情報セキュリティマネジメント試験 情報セキュリティマネジメント試験 平成29年度春期 午前15: ディジタルフォレンジックスの説明として,適切なものはどれか。

情報セキュリティマネジメント試験 平成29年度春期 午前
Q 1515 / 50
ディジタルフォレンジックスの説明として,適切なものはどれか。

問題本文

ディジタルフォレンジックスの説明として,適切なものはどれか。

選択肢

  • .あらかじめ設定した運用基準に従って,メールサーバを通過する送受信メールをフィルタリングすること
  • .外部からの攻撃や不正なアクセスからサーバを防御すること
  • .磁気ディスクなどの書換え可能な記憶媒体を廃棄する前に,単に初期化するだけではデータを復元できる可能性があるので,任意のデータ列で上書きすること
  • .不正アクセスなどコンピュータに関する犯罪に対してデータの法的な証拠性を確保できるように,原因究明に必要なデータの保全,収集,分析をすること

正解

. 不正アクセスなどコンピュータに関する犯罪に対してデータの法的な証拠性を確保できるように,原因究明に必要なデータの保全,収集,分析をすること

解説

本問はディジタルフォレンジックスの定義を問う。
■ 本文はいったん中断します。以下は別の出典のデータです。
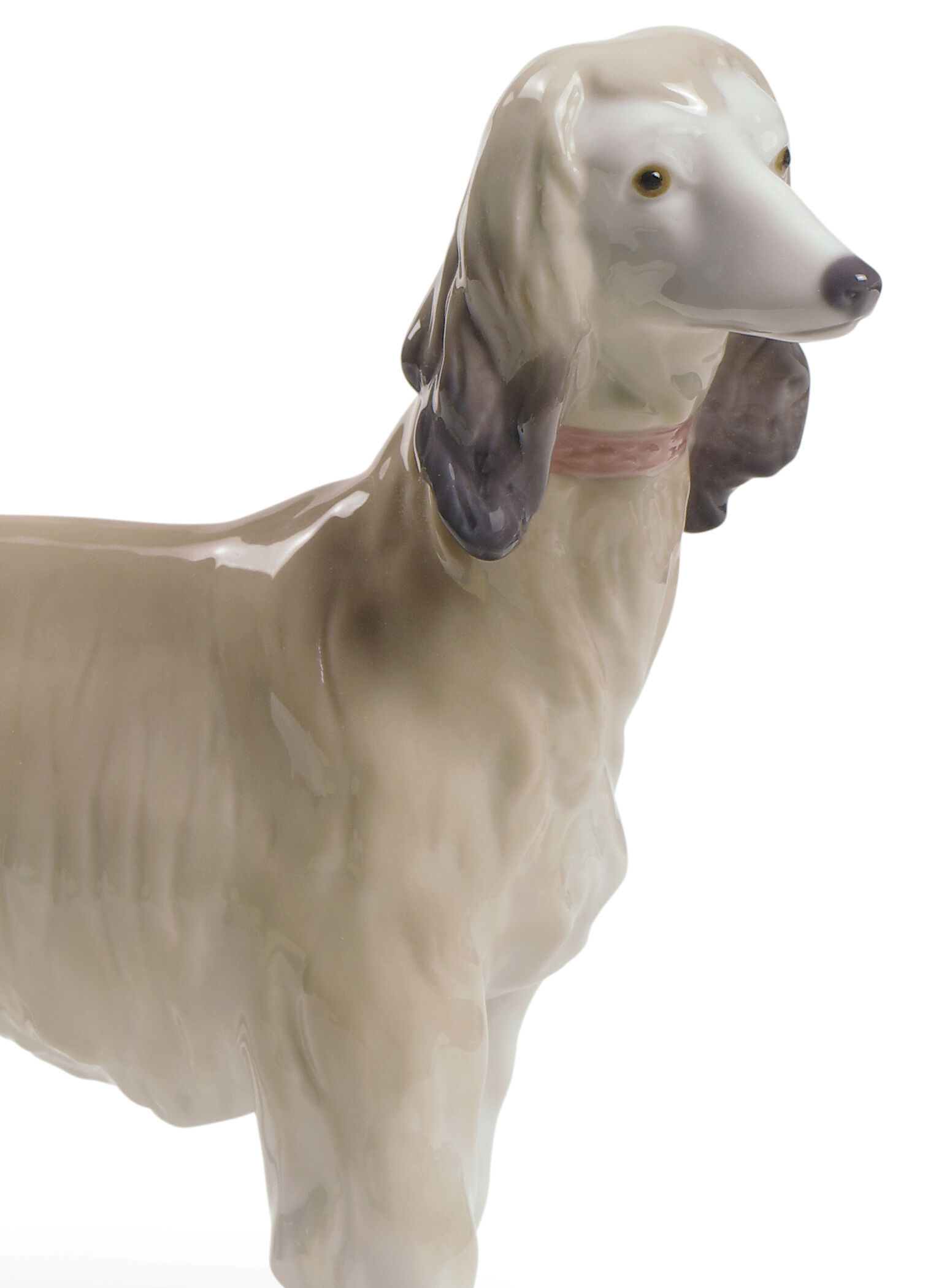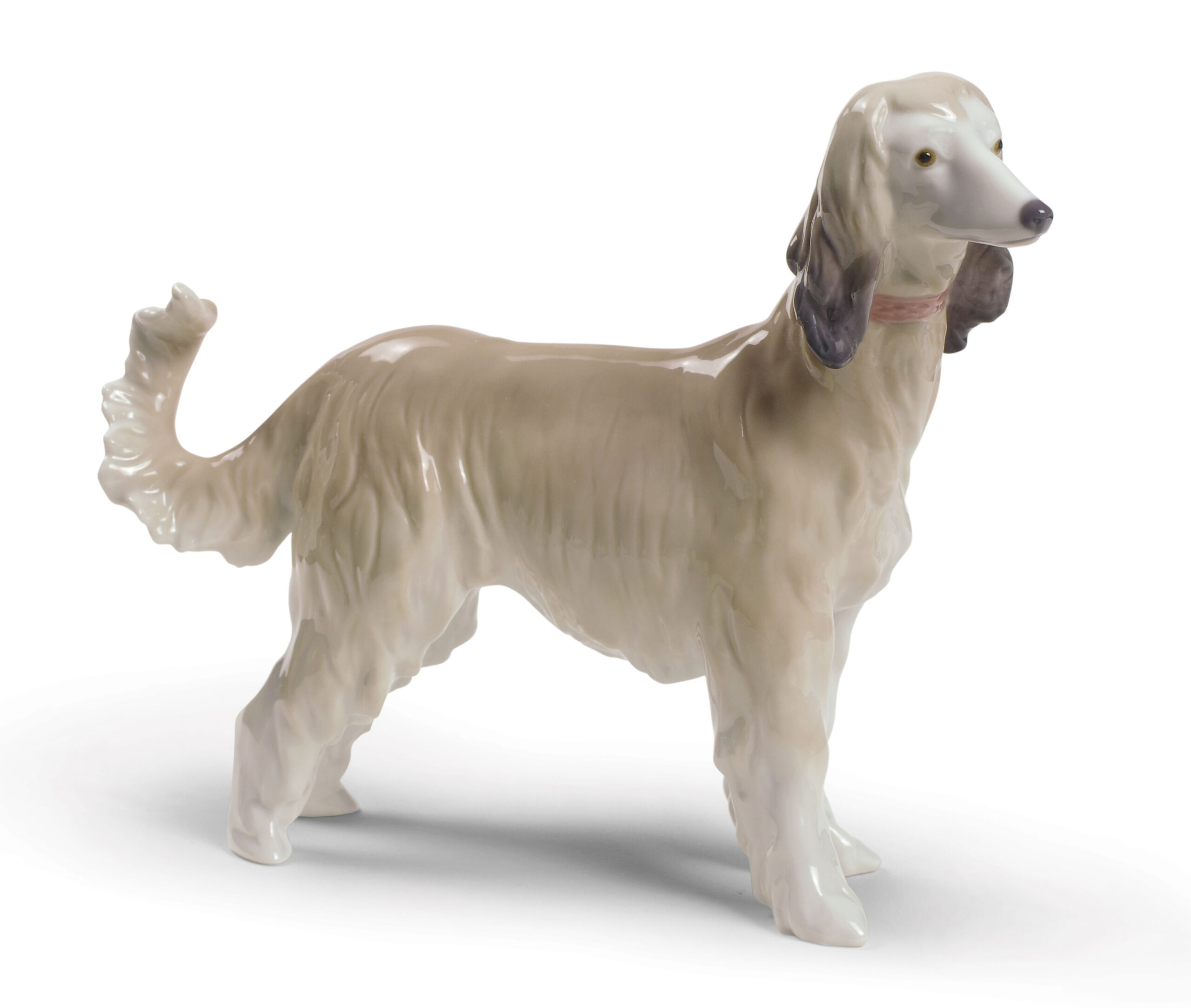 This realistic representation of the elegant Afghan greyhound, is part of the collection of dog breeds. Made of glossy porcelain, this piece shows in detail the characteristics of this companion dog, originally from Afghanistan.

ディジタルフォレンジックスとは、不正アクセスやコンピュータ犯罪の発生時に、法的な証拠性を保ったままデータを保全・収集・分析し、原因究明や証拠提示に役立てる技術・手続をいう。正解はエで、証拠性確保のためのデータの保全・収集・分析が中核である。

選択肢ごとの解説

  • .誤り。運用基準に従ってメールをフィルタリングするのはメールフィルタリングの説明であり、フォレンジックスではない。
  • .誤り。攻撃や不正アクセスからサーバを守るのは防御策(ファイアウォールやIPSなど)であり、事後の証拠保全を行うフォレンジックスとは異なる。
  • .誤り。媒体廃棄前に任意のデータで上書きするのはデータの完全消去(データ消去・サニタイズ)であり、フォレンジックスとは目的が異なる。
  • .正しい。法的な証拠性を確保しつつデータの保全・収集・分析を行うことがディジタルフォレンジックスである。